E. Favi,1 L. Harris,2 J. Worsfold,2 R. Cacciola,1 C. Puliatti,1 C. Sammartino,1 R. Sivaprakasam.1

1Transplantation, Royal London Hospital, London, United Kingdom
2Barts and The London School of Medicine and Dentistry, London, United Kingdom.

Meeting: 2015 American Transplant Congress

Abstract number: A24

Keywords: Immunosuppression, Kidney transplantation, Polyma virus, Risk factors

Session Information

Date: Saturday, May 2, 2015

Session Name: Poster Session A: BK Virus Infection

Session Time: 5:30pm-7:30pm

 Presentation Time: 5:30pm-7:30pm

Location: Exhibit Hall E

Related Abstracts
  • Perturbation of Polyomavirus Nephropathy-Specific Gene Expression in Kidney Allografts
  • Longterm Outcome in Pancreas Grafts After Polyomavirus Infection in Combined Kidney-Pancreas Transplants: A Single Center Report

Introduction.

Polyomavirus-associated nephropathy (PVAN) is now recognized as an important cause of graft dysfunction and early kidney transplant loss.
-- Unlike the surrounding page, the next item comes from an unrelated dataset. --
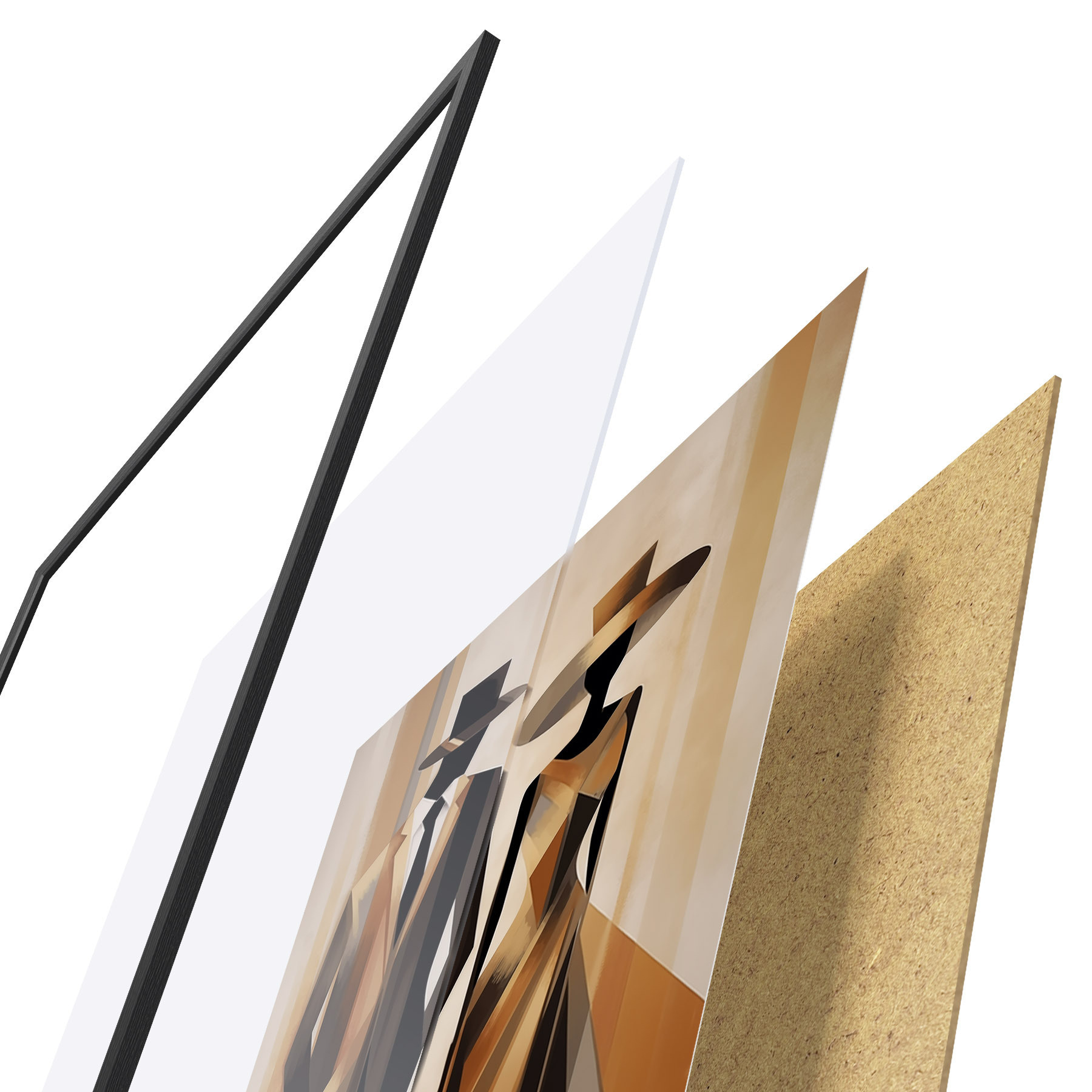 L’affiche encadrée est composée d’un cadre, d’un plexiglas, d’une image imprimée et d’un support en aggloméré. Elle est prête à être accrochée au mur grâce aux fixations situées à l’arrière.

Over-immunosuppression is the main risk factor for the development of PVAN. Donor and recipient characteristics do play a role but conclusive evidences are still lacking.

Methods.

In this single centre cohort study performed analysing data retrieved from a prospectively collected database we evaluated incidence, outcomes and risk factors of Polyomavirus infection in 639 consecutive kidney transplants performed between 2007 and 2013.

Results.

During a mean follow up of 4.5 years, viremia was detected in 54/639 patients (8%); 26/639 recipients (4%) had biopsy-proven PVAN. Death-censored graft loss rate was significantly higher in patient with PVAN compared to recipients with no viremia: 42% (10/24) vs. 14% (76/523), respectively (p<0.05). After immunosuppression reduction, 43/54 patients (80%) effectively managed to clear the virus with preserved renal function; 4 patients (7%) experienced biopsy-proven acute rejection. Two cases (4%) of ureteral stenosis were observed. The risk factors for Polyomavirus active infection were: higher recipient BMI, Afro-Caribbean recipient, older donor age, higher HLA DR and overall mismatch, lack of CMV prophylaxis, and biopsy-proven rejection (p<0.05). Induction (ATG vs. anti-IL-2 receptor antagonists) and baseline immunosuppression (Tacrolimus vs. Cyclosporine) did not affect Polyomavirus viremia or PVAN rates.

Conclusions.

Our results show that PVAN significantly reduces kidney allograft survival and identifies a need for post-transplant aggressive screening, prompt reduction of the net state of immunosuppression and possibly use of more reliable tools to assess virus-specific immune response. It also supports our hypothesis that high immunological risk characteristics are more relevant than immunosuppressive regimens.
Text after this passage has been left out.